Will the threat of litigation make the obligatory hotel peephole consigned to history?
Glamorous 32 year old ESPN sports reporter, Erin Andrews is taking legal action against several hotels after she was secretly filmed nude inside hotel rooms through the door’s peephole in 2008 by a serial stalker.
Obviously we are following this story with great interest.
Andrews is suing Marriott International and Radisson Hotels International for negligence, emotional distress and invasion of privacy.
There has also been at least one other copycat incident that has been reported since the Andrews story. A family from Nebraska has claimed that their daughters were filmed from a hole drilled in an adjacent guestroom while staying at a hotel.
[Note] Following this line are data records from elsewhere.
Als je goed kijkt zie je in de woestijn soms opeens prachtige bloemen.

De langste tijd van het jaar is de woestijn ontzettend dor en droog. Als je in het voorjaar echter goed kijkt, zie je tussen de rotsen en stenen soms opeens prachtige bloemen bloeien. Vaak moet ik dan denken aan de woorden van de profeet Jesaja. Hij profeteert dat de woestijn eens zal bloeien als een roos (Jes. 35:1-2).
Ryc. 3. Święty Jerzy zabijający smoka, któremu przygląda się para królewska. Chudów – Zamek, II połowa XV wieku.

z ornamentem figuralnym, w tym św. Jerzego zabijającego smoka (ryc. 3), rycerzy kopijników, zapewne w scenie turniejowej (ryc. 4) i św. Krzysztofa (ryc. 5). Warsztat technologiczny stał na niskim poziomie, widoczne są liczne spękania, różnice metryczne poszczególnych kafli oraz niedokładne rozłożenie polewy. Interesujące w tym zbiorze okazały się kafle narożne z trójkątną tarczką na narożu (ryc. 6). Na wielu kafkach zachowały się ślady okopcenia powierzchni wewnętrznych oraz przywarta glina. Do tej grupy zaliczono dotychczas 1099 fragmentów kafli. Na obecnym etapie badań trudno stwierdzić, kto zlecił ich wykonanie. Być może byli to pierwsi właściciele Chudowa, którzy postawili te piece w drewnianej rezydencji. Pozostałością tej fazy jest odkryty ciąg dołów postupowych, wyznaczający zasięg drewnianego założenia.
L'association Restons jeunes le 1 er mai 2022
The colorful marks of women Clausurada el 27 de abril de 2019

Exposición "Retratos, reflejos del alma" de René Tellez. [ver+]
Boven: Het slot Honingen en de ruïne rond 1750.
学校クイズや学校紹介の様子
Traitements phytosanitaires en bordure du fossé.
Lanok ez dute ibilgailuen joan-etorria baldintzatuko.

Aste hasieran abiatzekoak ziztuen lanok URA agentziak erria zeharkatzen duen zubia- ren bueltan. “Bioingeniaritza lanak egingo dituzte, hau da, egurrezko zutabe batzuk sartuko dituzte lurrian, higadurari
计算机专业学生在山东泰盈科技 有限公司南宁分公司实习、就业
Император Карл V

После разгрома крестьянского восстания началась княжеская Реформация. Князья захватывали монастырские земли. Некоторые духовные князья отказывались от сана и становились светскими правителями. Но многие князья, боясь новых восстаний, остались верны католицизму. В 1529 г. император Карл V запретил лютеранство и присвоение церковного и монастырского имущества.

In both cases, the culprits approached a hotel and requested that they check-in to rooms that were adjacent to their victims that were identified by them. The hotels obliged without question. This allowed the culprits not only to confirm that their victims were staying at a hotel, but also which room they were staying in.
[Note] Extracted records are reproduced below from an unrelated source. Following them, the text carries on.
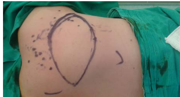
Şekil 11: Scapular serbest flep planı
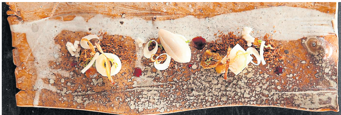
Plusieurs petits plats raffinés figurent au menu du Restaurant at Meadowood, une table étoilée située à St. Helena.

398 Geary Street, San Francisco hotelgsanfrancisco.com benjamincoopersf.com
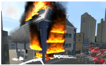
제천 복합건축물 화재
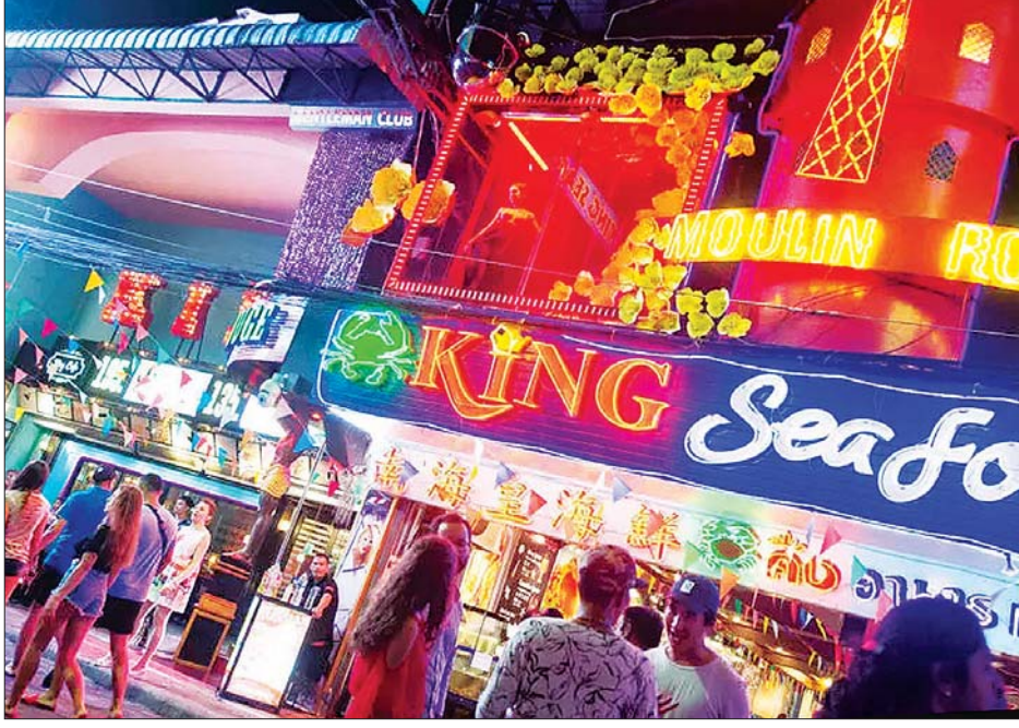
ထိုင်းနိုင်ငံ ဘန်ကောက်မြို့၌ ညဘက်သွားလာလှုပ်ရှားမှုများကို တွေ့ရစဉ်။

ကျန်းမာရေးစနစ်သည် လက်ရှိအခြေအနေကို ကိုင်တွယ် စွမ်းရှိသည်ဟု ယုံကြည်ကြောင်း ထိုင်းဝန်ကြီးချုပ်က ပြောကြားသည်။ ဇူလိုင် ၁ ရက်မှစတင်ကာ အရက်ဘားများ၊ နိုက်ကလပ်များ၊ ကာရာအိုကေခန်းများကို ပြန်ဖွင့်ခွင့်ရမည်ဖြစ်သည်။ သို့သော် အဆိုပါဆိုင်များကို သန့်ဆေးခြင်းအချိန်တွင် ပိတ်ရမည်ဖြစ်ကာ လူအချင်းချင်း ခပ်ခွာခွာနေသည့်စနစ်ကို ကျင့်သုံးရမည်ဟု ကိုဗစ် - ၁၉ အခြေအနေဆိုင်ရာ စီမံခန့်ခွဲမှုစင်တာမှ ပြောရေးဆိုခွင့်ရှိသူ တစ်စင်း ဗီဆာနယိုသင်က ပြောသည်။ အနိပ်ခန်းများနှင့် လက်ဖက်ရည်ဆိုင်များသည် အစိုးရ၏ ခြေရာခံ အက်ပလီကေးရှင်းတွင် လာရောက်သည့် စားသုံးသူများကို မှတ်ပုံတင်ရမည်ဖြစ်သည်။ ဝန်ထမ်းများသည်လည်း မကြာခဏဆိုသလို ကိုဗစ်-၁၉ ဆေးစစ်ခြင်းဆောင်ရွက်ရမည်ဖြစ်သည်။ ထို့အပြင် ထိုင်းနိုင်ငံသို့ ဝင်ရောက်မည့် နိုင်ငံခြားသားများအတွက် ပြည်ဝင်ခွင့်ကန့်သတ်ချက်များကိုလည်း ဖြေလျှော့ပေးသွားမည်ဟု သိရသည်။ အေအက်ပီပီ

In another incident, we did a post HERE back in February last year about a Hollywood motel that upset a guest when they discovered that their room's peephole had been supposedly installed backwards - they were unable to see out, but others could see in!
From a seemingly simple unguarded acts, the hotels have exposed themselves to a storm of bad publicity and also face the risk of extreme financial penalty from legal retribution of the victims.
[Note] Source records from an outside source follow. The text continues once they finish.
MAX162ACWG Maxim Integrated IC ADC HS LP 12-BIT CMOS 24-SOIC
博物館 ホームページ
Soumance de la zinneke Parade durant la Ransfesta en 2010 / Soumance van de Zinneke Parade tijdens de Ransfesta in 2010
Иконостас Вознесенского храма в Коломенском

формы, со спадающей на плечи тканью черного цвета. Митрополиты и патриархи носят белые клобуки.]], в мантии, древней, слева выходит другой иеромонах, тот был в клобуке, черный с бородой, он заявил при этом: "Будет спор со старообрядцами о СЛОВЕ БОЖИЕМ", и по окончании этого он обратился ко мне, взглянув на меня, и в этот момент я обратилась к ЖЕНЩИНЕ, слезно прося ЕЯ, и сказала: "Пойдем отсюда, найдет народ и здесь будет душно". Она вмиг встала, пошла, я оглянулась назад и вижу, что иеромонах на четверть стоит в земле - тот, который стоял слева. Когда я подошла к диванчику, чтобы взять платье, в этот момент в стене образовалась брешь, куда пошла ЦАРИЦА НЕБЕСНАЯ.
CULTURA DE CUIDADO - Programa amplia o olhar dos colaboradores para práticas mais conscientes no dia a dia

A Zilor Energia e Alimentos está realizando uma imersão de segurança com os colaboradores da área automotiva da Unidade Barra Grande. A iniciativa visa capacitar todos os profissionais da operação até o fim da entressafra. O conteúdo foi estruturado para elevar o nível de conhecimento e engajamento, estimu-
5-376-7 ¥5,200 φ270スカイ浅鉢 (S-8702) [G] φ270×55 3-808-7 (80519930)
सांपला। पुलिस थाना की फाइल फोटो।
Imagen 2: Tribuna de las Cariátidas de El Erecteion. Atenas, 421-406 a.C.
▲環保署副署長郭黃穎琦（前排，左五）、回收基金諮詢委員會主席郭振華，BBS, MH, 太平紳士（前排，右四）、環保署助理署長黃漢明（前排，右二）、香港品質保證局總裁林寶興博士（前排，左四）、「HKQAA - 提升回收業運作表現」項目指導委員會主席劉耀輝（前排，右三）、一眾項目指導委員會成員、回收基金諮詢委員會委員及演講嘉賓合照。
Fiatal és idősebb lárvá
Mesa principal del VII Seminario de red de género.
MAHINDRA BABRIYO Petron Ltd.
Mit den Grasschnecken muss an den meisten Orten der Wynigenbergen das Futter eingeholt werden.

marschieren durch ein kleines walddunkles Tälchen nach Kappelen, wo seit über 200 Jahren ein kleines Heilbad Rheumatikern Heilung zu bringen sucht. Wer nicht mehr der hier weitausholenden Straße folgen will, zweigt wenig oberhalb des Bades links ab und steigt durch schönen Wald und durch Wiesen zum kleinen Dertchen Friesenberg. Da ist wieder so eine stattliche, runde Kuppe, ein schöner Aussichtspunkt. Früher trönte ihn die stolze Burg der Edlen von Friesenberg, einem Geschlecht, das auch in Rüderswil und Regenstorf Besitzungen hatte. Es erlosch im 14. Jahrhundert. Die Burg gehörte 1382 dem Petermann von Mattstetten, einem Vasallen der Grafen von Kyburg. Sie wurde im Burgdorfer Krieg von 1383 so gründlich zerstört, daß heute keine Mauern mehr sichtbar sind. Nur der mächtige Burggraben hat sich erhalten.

Accommodation establishments have a duty of care while providing guests a place of peaceful enjoyment. It will be interesting to see how the American legal system in the Andrews case will determine what the hotels' responsibility should have been.
In the interim it may be a good opportunity for accommodation providers to reflect on their privacy policies and in particular consider how best to deal with adjacent room requests.
So will the threat of litigation make the obligatory hotel peephole consigned to history? Well probably not, however they will soon all be fitted with a security flap.